## [EXERCISE DIRECTIONS]
Below are the records; repeat exactly their lines between the line holding "Jede Wohneinheit verfügt" and the line holding "비닐 포장을 뜯으면 종이박스안에", inclusive, skipping the pictures.

## [GIVEN DATA]

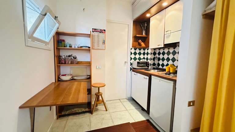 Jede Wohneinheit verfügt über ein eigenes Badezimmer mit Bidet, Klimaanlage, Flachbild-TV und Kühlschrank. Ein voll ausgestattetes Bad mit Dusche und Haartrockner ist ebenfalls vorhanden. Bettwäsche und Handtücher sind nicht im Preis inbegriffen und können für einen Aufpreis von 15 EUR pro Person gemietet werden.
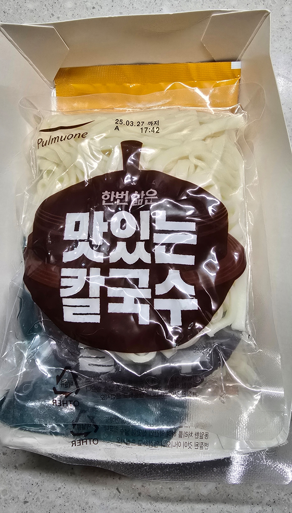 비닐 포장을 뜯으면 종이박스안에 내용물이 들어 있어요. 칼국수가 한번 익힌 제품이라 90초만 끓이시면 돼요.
--
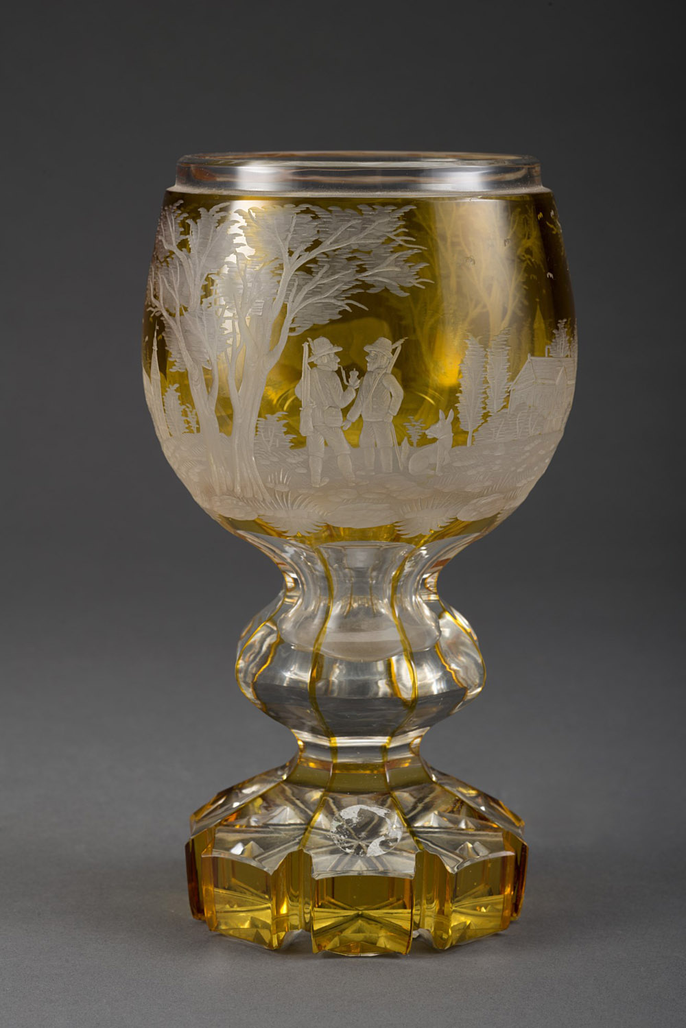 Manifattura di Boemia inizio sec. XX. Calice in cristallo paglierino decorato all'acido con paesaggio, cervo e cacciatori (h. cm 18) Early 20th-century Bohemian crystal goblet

## [ANSWER SECTION]
 Jede Wohneinheit verfügt über ein eigenes Badezimmer mit Bidet, Klimaanlage, Flachbild-TV und Kühlschrank. Ein voll ausgestattetes Bad mit Dusche und Haartrockner ist ebenfalls vorhanden. Bettwäsche und Handtücher sind nicht im Preis inbegriffen und können für einen Aufpreis von 15 EUR pro Person gemietet werden.
 비닐 포장을 뜯으면 종이박스안에 내용물이 들어 있어요. 칼국수가 한번 익힌 제품이라 90초만 끓이시면 돼요.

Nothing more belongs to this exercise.